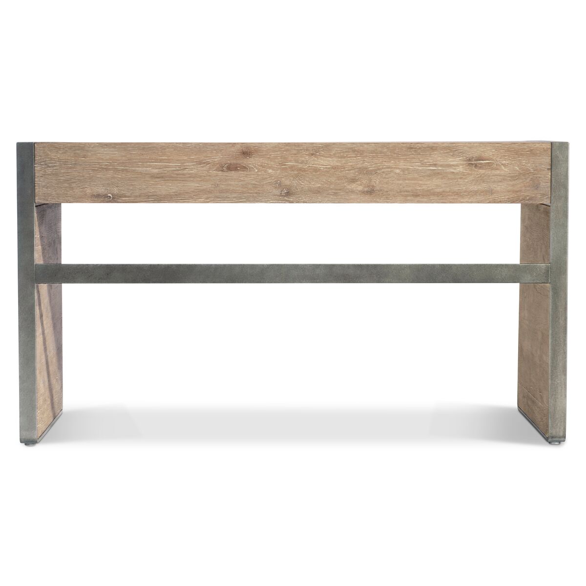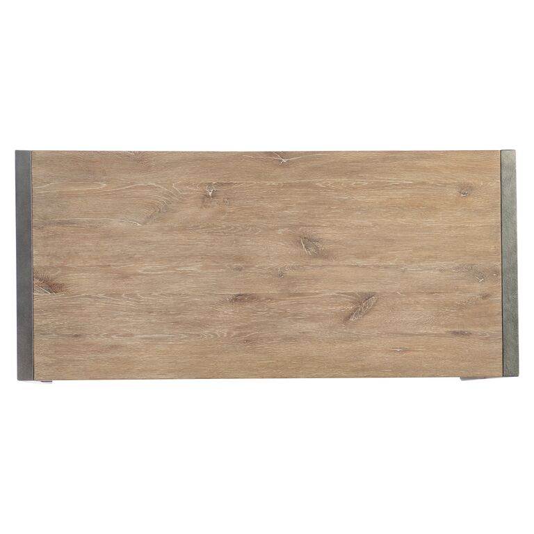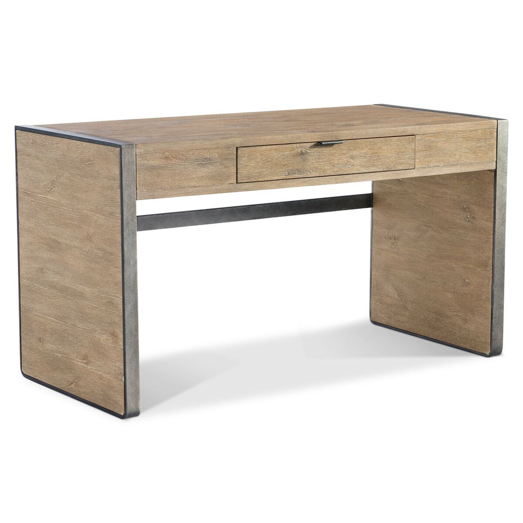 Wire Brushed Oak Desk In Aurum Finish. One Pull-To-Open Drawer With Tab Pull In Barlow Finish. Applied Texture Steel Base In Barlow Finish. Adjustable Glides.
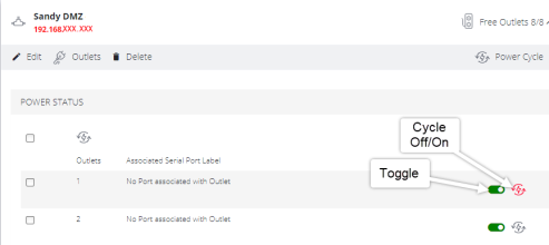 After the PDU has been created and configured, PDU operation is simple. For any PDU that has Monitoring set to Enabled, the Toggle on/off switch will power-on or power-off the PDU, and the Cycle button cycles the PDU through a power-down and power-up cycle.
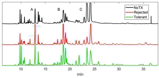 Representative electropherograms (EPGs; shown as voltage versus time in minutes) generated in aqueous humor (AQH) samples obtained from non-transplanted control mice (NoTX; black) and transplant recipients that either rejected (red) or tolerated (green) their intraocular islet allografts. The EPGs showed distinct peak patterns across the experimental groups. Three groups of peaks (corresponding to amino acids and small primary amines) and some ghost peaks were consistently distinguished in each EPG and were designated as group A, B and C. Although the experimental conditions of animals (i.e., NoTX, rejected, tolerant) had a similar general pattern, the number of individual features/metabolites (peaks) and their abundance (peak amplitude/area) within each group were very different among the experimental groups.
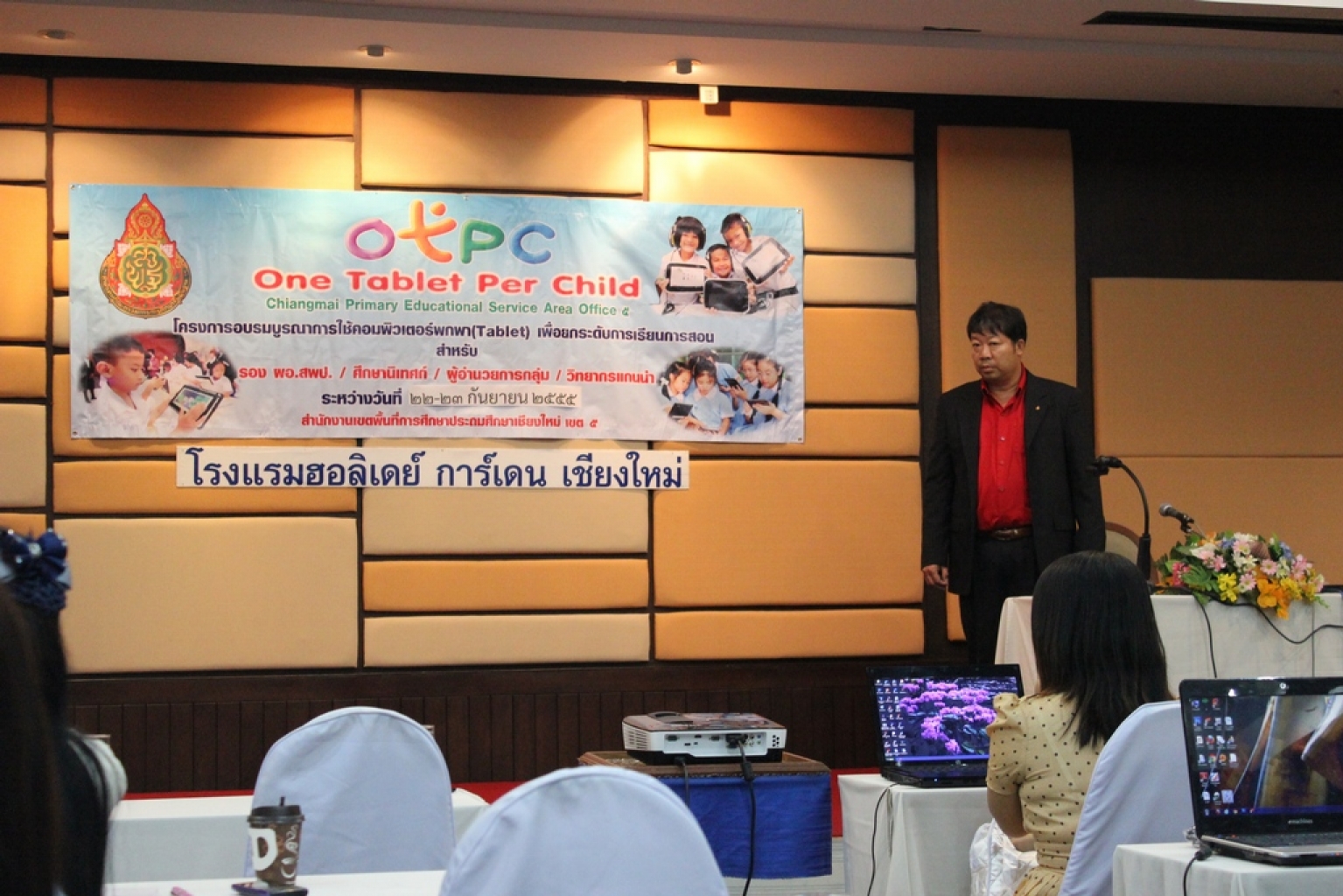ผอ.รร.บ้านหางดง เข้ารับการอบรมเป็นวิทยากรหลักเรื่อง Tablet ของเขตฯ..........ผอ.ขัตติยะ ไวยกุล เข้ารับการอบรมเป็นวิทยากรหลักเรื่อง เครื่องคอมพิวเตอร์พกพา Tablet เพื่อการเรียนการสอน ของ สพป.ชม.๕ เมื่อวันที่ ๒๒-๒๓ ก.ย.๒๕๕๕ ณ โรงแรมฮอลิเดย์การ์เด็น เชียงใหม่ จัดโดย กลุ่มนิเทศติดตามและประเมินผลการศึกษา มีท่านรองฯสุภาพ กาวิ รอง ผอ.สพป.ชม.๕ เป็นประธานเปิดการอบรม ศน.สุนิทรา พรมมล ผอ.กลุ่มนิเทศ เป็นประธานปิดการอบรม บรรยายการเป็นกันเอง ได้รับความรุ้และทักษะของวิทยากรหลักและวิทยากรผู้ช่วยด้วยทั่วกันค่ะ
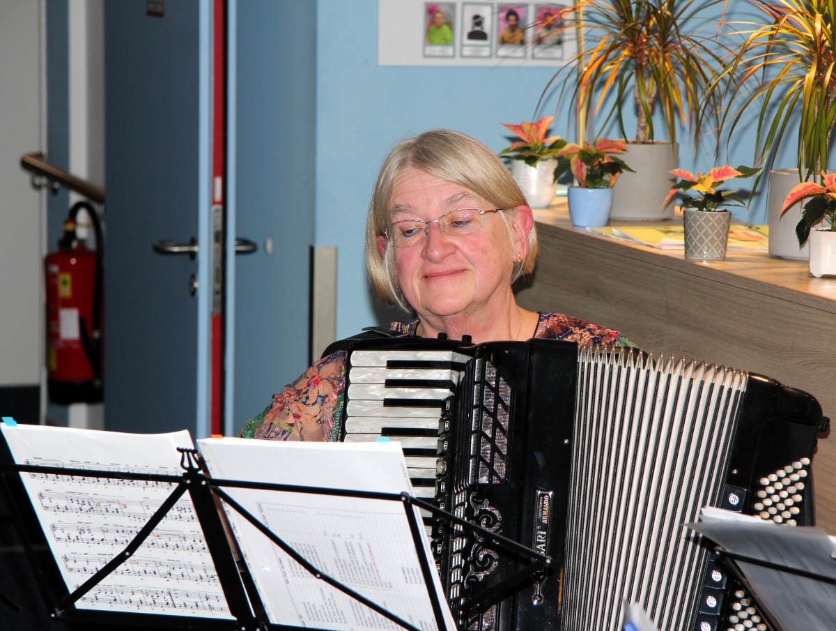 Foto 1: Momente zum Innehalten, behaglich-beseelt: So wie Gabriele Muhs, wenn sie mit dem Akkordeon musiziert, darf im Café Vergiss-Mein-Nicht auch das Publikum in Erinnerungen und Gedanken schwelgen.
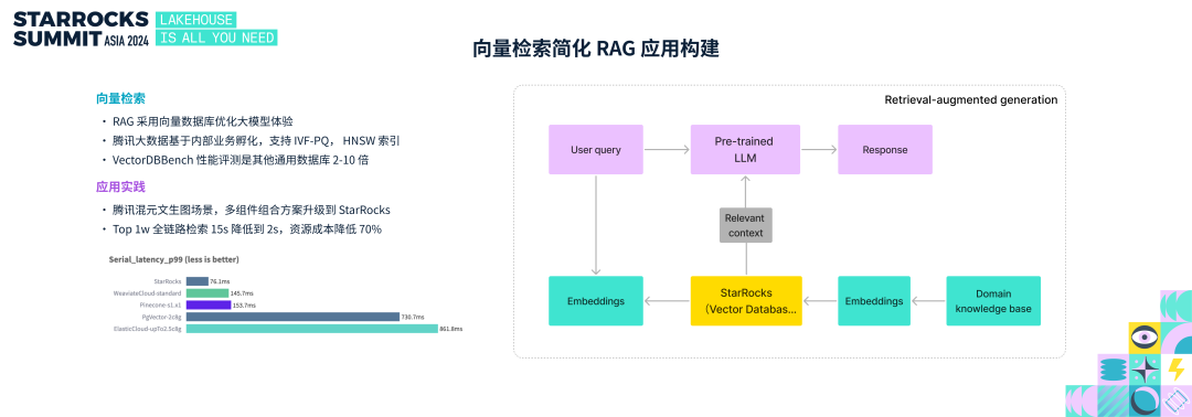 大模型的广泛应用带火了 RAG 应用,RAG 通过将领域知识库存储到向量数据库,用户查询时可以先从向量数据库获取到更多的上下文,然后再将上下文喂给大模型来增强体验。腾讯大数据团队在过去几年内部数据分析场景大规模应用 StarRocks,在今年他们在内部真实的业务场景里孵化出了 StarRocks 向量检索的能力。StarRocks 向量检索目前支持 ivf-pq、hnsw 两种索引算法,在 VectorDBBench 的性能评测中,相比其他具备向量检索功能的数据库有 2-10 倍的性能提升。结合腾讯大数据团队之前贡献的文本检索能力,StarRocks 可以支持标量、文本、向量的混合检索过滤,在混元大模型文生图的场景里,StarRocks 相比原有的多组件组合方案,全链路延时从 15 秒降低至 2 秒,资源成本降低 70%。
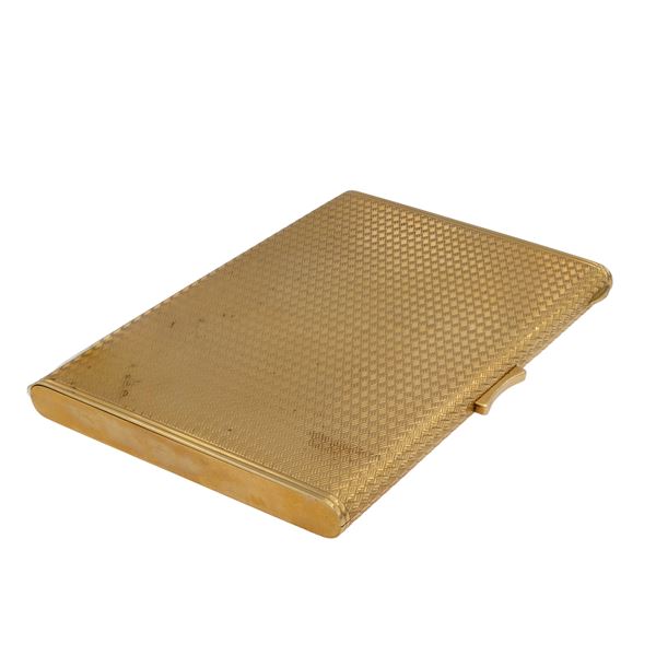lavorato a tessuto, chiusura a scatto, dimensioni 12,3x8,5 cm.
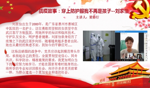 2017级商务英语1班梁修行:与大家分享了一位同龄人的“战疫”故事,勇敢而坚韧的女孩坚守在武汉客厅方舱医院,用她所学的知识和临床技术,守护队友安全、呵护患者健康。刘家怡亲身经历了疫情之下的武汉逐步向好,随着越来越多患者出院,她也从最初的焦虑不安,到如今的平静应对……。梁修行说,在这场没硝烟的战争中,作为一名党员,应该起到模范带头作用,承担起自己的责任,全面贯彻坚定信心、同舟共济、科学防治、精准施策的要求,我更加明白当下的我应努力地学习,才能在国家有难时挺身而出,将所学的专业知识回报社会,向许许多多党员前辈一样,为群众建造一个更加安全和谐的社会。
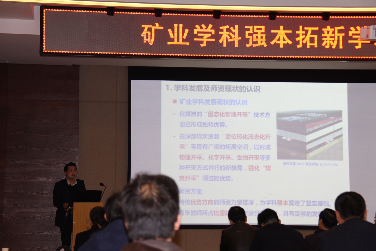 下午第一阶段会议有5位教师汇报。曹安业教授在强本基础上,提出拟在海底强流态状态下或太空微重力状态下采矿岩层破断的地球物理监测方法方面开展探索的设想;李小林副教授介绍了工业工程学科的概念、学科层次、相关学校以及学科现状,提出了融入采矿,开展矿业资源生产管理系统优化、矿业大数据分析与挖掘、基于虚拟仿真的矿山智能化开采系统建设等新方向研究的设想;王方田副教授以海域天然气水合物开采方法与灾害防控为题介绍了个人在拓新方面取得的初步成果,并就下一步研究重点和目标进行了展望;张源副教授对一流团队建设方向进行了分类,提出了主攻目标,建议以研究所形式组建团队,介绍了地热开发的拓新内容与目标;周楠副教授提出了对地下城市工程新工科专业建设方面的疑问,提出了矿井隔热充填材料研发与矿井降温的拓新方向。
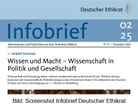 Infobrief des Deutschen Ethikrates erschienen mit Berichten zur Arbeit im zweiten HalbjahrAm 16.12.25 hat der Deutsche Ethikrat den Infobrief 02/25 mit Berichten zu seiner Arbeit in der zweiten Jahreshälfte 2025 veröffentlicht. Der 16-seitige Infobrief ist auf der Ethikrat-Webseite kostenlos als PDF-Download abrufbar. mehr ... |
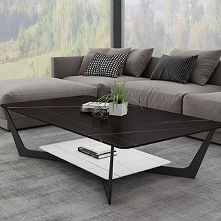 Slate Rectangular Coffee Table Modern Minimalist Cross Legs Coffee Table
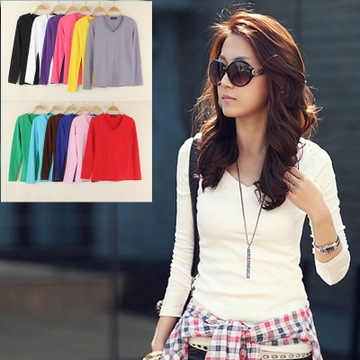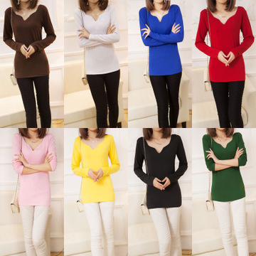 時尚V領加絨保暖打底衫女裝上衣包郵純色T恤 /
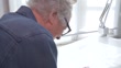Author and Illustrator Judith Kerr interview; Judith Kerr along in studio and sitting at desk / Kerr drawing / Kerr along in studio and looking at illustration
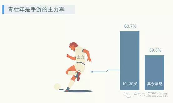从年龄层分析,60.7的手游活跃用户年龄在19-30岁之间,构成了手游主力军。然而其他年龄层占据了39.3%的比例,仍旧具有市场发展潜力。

----

[Exercise]: Where the material above includes pictures, omit them and retype everything else exactly.

[Output of the task]:
 Wire Brushed Oak Desk In Aurum Finish. One Pull-To-Open Drawer With Tab Pull In Barlow Finish. Applied Texture Steel Base In Barlow Finish. Adjustable Glides.
 After the PDU has been created and configured, PDU operation is simple. For any PDU that has Monitoring set to Enabled, the Toggle on/off switch will power-on or power-off the PDU, and the Cycle button cycles the PDU through a power-down and power-up cycle.
 Representative electropherograms (EPGs; shown as voltage versus time in minutes) generated in aqueous humor (AQH) samples obtained from non-transplanted control mice (NoTX; black) and transplant recipients that either rejected (red) or tolerated (green) their intraocular islet allografts. The EPGs showed distinct peak patterns across the experimental groups. Three groups of peaks (corresponding to amino acids and small primary amines) and some ghost peaks were consistently distinguished in each EPG and were designated as group A, B and C. Although the experimental conditions of animals (i.e., NoTX, rejected, tolerant) had a similar general pattern, the number of individual features/metabolites (peaks) and their abundance (peak amplitude/area) within each group were very different among the experimental groups.
ผอ.รร.บ้านหางดง เข้ารับการอบรมเป็นวิทยากรหลักเรื่อง Tablet ของเขตฯ..........ผอ.ขัตติยะ ไวยกุล เข้ารับการอบรมเป็นวิทยากรหลักเรื่อง เครื่องคอมพิวเตอร์พกพา Tablet เพื่อการเรียนการสอน ของ สพป.ชม.๕ เมื่อวันที่ ๒๒-๒๓ ก.ย.๒๕๕๕ ณ โรงแรมฮอลิเดย์การ์เด็น เชียงใหม่ จัดโดย กลุ่มนิเทศติดตามและประเมินผลการศึกษา มีท่านรองฯสุภาพ กาวิ รอง ผอ.สพป.ชม.๕ เป็นประธานเปิดการอบรม ศน.สุนิทรา พรมมล ผอ.กลุ่มนิเทศ เป็นประธานปิดการอบรม บรรยายการเป็นกันเอง ได้รับความรุ้และทักษะของวิทยากรหลักและวิทยากรผู้ช่วยด้วยทั่วกันค่ะ
 Foto 1: Momente zum Innehalten, behaglich-beseelt: So wie Gabriele Muhs, wenn sie mit dem Akkordeon musiziert, darf im Café Vergiss-Mein-Nicht auch das Publikum in Erinnerungen und Gedanken schwelgen.
 大模型的广泛应用带火了 RAG 应用,RAG 通过将领域知识库存储到向量数据库,用户查询时可以先从向量数据库获取到更多的上下文,然后再将上下文喂给大模型来增强体验。腾讯大数据团队在过去几年内部数据分析场景大规模应用 StarRocks,在今年他们在内部真实的业务场景里孵化出了 StarRocks 向量检索的能力。StarRocks 向量检索目前支持 ivf-pq、hnsw 两种索引算法,在 VectorDBBench 的性能评测中,相比其他具备向量检索功能的数据库有 2-10 倍的性能提升。结合腾讯大数据团队之前贡献的文本检索能力,StarRocks 可以支持标量、文本、向量的混合检索过滤,在混元大模型文生图的场景里,StarRocks 相比原有的多组件组合方案,全链路延时从 15 秒降低至 2 秒,资源成本降低 70%。
lavorato a tessuto, chiusura a scatto, dimensioni 12,3x8,5 cm.
 2017级商务英语1班梁修行:与大家分享了一位同龄人的“战疫”故事,勇敢而坚韧的女孩坚守在武汉客厅方舱医院,用她所学的知识和临床技术,守护队友安全、呵护患者健康。刘家怡亲身经历了疫情之下的武汉逐步向好,随着越来越多患者出院,她也从最初的焦虑不安,到如今的平静应对……。梁修行说,在这场没硝烟的战争中,作为一名党员,应该起到模范带头作用,承担起自己的责任,全面贯彻坚定信心、同舟共济、科学防治、精准施策的要求,我更加明白当下的我应努力地学习,才能在国家有难时挺身而出,将所学的专业知识回报社会,向许许多多党员前辈一样,为群众建造一个更加安全和谐的社会。
 下午第一阶段会议有5位教师汇报。曹安业教授在强本基础上,提出拟在海底强流态状态下或太空微重力状态下采矿岩层破断的地球物理监测方法方面开展探索的设想;李小林副教授介绍了工业工程学科的概念、学科层次、相关学校以及学科现状,提出了融入采矿,开展矿业资源生产管理系统优化、矿业大数据分析与挖掘、基于虚拟仿真的矿山智能化开采系统建设等新方向研究的设想;王方田副教授以海域天然气水合物开采方法与灾害防控为题介绍了个人在拓新方面取得的初步成果,并就下一步研究重点和目标进行了展望;张源副教授对一流团队建设方向进行了分类,提出了主攻目标,建议以研究所形式组建团队,介绍了地热开发的拓新内容与目标;周楠副教授提出了对地下城市工程新工科专业建设方面的疑问,提出了矿井隔热充填材料研发与矿井降温的拓新方向。
 Infobrief des Deutschen Ethikrates erschienen mit Berichten zur Arbeit im zweiten HalbjahrAm 16.12.25 hat der Deutsche Ethikrat den Infobrief 02/25 mit Berichten zu seiner Arbeit in der zweiten Jahreshälfte 2025 veröffentlicht. Der 16-seitige Infobrief ist auf der Ethikrat-Webseite kostenlos als PDF-Download abrufbar. mehr ... |
 Slate Rectangular Coffee Table Modern Minimalist Cross Legs Coffee Table
 時尚V領加絨保暖打底衫女裝上衣包郵純色T恤 /
Author and Illustrator Judith Kerr interview; Judith Kerr along in studio and sitting at desk / Kerr drawing / Kerr along in studio and looking at illustration
从年龄层分析,60.7的手游活跃用户年龄在19-30岁之间,构成了手游主力军。然而其他年龄层占据了39.3%的比例,仍旧具有市场发展潜力。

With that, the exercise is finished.